5. The Claimant submits that the Respondent’s allegation that it made some payments to the Claimant is specifically denied by the Claimant and the allegation of payment therefore becomes of “special knowledge” to the Respondent and according to Section 112 of the Evidence Act, the Respondent has a legal burden of proving that it made the payments. The Claimant cites the case of Eastern Produce (K) Ltd v James Kipketer Ngetich [2005] eKLR, as cited with approval in the case of Vivo Energy Kenya Limited (Initial Party Kenya Shell Limited v George Karunji [2014] eKLRwhere the court held that;
“Having re-evaluated the evidence on record I find that the respondent, did not produce the initial medical chits to show that he had actually been injured and then treated at the appellants dispensary on the day when he claims to have sustained the injuries. In my mind, lack of such evidence should have raised doubts in the trial Magistrates mind, who should have found that there was no sufficient proof that the respondent was injured while at work as he had alleged.”
The Claimant submits that from the foregoing, it is prudent that the Respondent produce the original payment receipts or any other conclusive evidence. The Claimant urges the grant of the prayers sought in the motion.
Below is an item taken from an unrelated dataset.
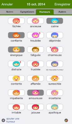 Plongez dans un calendrier mensuel clair et interactif, où chaque détail de votre cycle prend vie. Visualisez d'un coup d'œil vos périodes passées et futures, les jours d'ovulation potentielle et la fenêtre de fertilité. Mais Contrôle des Règles va bien au-delà : c'est votre journal intime numérique pour consigner au quotidien vos humeurs et symptômes menstruels. Surveillez également votre poids et votre température corporelle, pour une vue d'ensemble complète de votre santé cyclique. Des icônes ludiques sur votre page d'accueil vous indiquent discrètement votre période d'ovulation prévue et votre fenêtre fertile de 8 jours, vous tenant informée sans effort.

6. The Claimant closes her submissions by asserting that it is prudent that the Respondent produce the original payment receipts or any other conclusive evidence. That in my view clearly indicates that the admission alleged is not conclusive as the conclusiveness of the admission would obviate the need for proof to be availed of the stated payment. As such the motion seeking judgment on admission is misplaced and does not meet the threshold in the cited cases of Choitram vNazari(supra) or the case of Cassam v Sachania(supra) as cited by the Claimant. It would be remiss of the Court if I did not tackle the issue raised by the Respondent. The words cited from the judgment of the Court of Appeal in the case of Cassam v Sachania(supra)were from arguments advanced by Mr. Lakha. He argued that The Judge’s discretion to grant judgment on admissions of fact under the Order is to be exercised only in plain cases where the admissions of fact are so clear and unequivocal that they amount to an admission of liability entitling the plaintiff to judgment. It is far from being a plain case where one has to resort to the interpretation of documents.I do agree that is the essence of the unambiguity of the admission. As no such admission is before me and the fact the Court has to delve into the facts and documents to ascertain the veracity of the matters before it, the Application must suffer the fate of dismissal. Motion dismissed with costs to the Respondent.
It is so ordered.
DATED AND DELIVERED AT NAIROBI THIS 29TH DAY OF SEPTEMBER 2021.